You can't stop half-way, in the belief that you are ‘restoring' a ‘true' Bordigism which doesn't exist, the pure Bordigism ‘of Bord­iga', which never existed. This path leads to the land of small sects, to tinier and tinier ‘Partiti', each one claiming the leg­itimate title, each one ignoring the others. We've seen this with numerous Bordigist splits over the years. Each one claims to be the true ‘leadership' that will guide the working class to paradise.
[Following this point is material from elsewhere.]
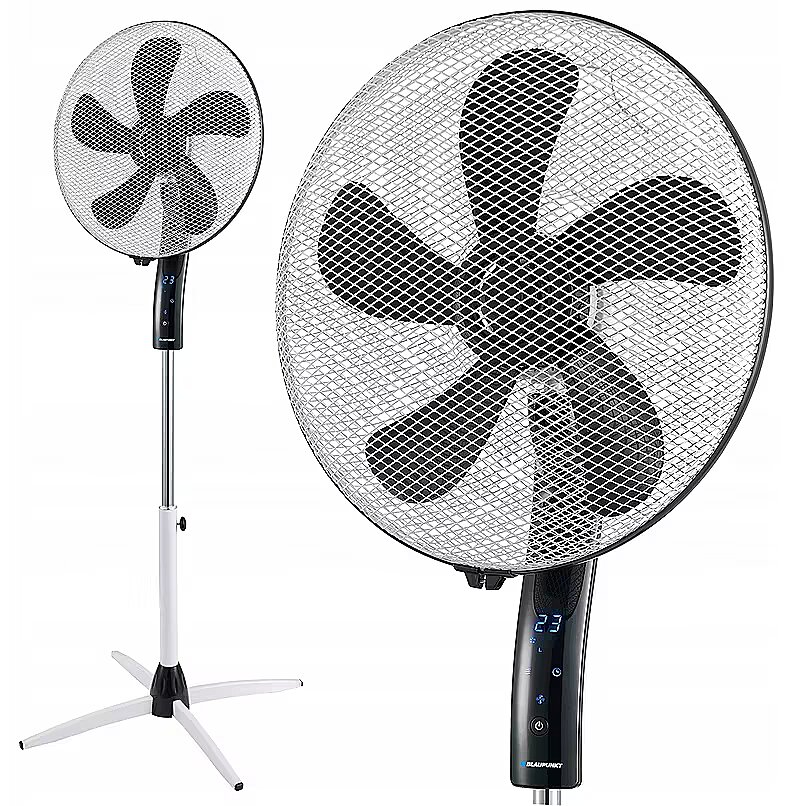 Description - Pedestal fan with display ASF701 A fan is a device that will be useful especially in summer. This is the simplest and cheapest way to fight the heat. A pleasant gust of air will lower the temperature and make us feel relieved and provide ideal conditions for rest or work. The elegant and classic ASF701 floor fan from Blaupunkt will be an ideal choice for people who want to cool larger rooms. Thanks to three speed settings and three airflow modes, this model allows you to set the operation according to your preferences. Standard mode, the fan will work in this way until it is turned off, the natural fan will change the blowing force, simulating the sensation of wind gusts depending on the selected air flow intensity, and night mode, the fan will work in the natural mode, reducing the intensity every 30 minutes, until the natural mode with the lowest intensity. The efficient copper motor and the 40 cm diameter of the fan ensure strong air flow, while the oscillation function ensures even distribution of it throughout the room. Adjusting the inclination and height of the fan allows you to change the airflow direction and adjust the operation of the device to your preferences. This reliable and quiet model can also be operated at night, as the special shape of the fan blades reduces the noise of its operation. At the lowest speed, its noise level is below 40 dB. Safety during use is guaranteed by a plastic safety grid on the back of the device and a strong metal grill on its front, which can be easily removed for cleaning. A remote control, a timer that allows you to set the fan to turn off with a delay, and a clear display indicating the temperature and time of the timer complete the comfort of use. Modern design, solid construction and subdued, classic colors of the fan make it fit into any modern interior.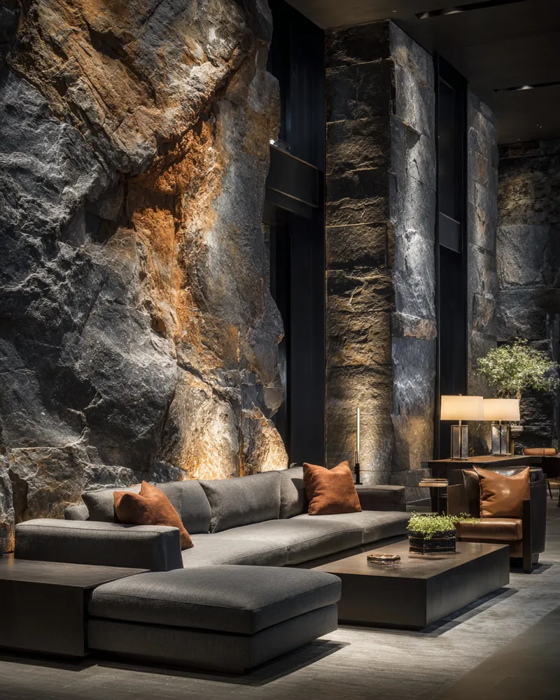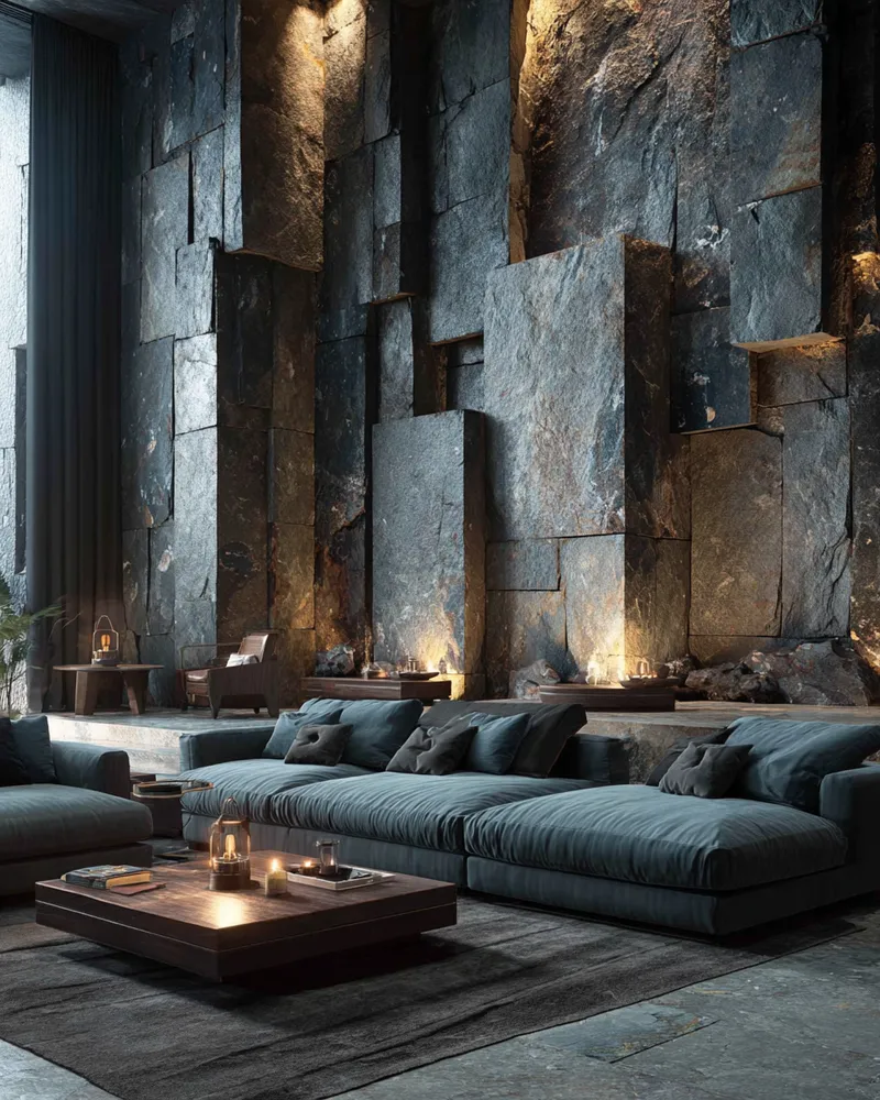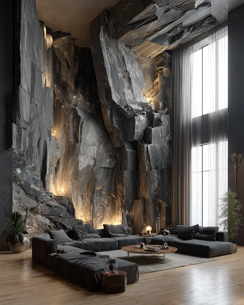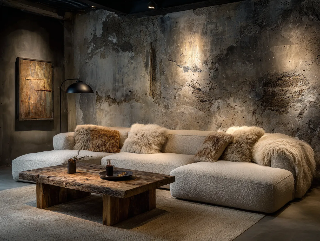 Living Room Luxury: The Power of a Concrete Feature Wall 🧱

Political clarification can't come out of patch-up jobs, or out of isolation. It can only be done with and in the revolutionary milieu. The spell of silence has to be broken, by opening up a public debate, in the press, in meetings, to finish with the errors of the past, to ensure that this decantation takes place in a conscious way, to avoid the dispersion and loss of revol­utionary energies. This is the only way to clear the ground for the regroupment of revolutionaries, which will contribute to the unification of the international work­ing class. This is the task of the hour; this is the real lesson of the crisis of the ICP.

JA



[1] After the split Bordiga's party became the Partito Communista Internationale. Many ex-members of the Fraction left with Damen and the program of Battaglia Communista (PCInt) in 1952 contained certain important positions of Bilan on the national question, the union question, on Russia. Unfortunately, the thirty years that separate us from the beginnings of Battaglia saw this group get caught up in a process of sclerosis. This can be easily seen by reading its press today and comparing it to the platform of 1952.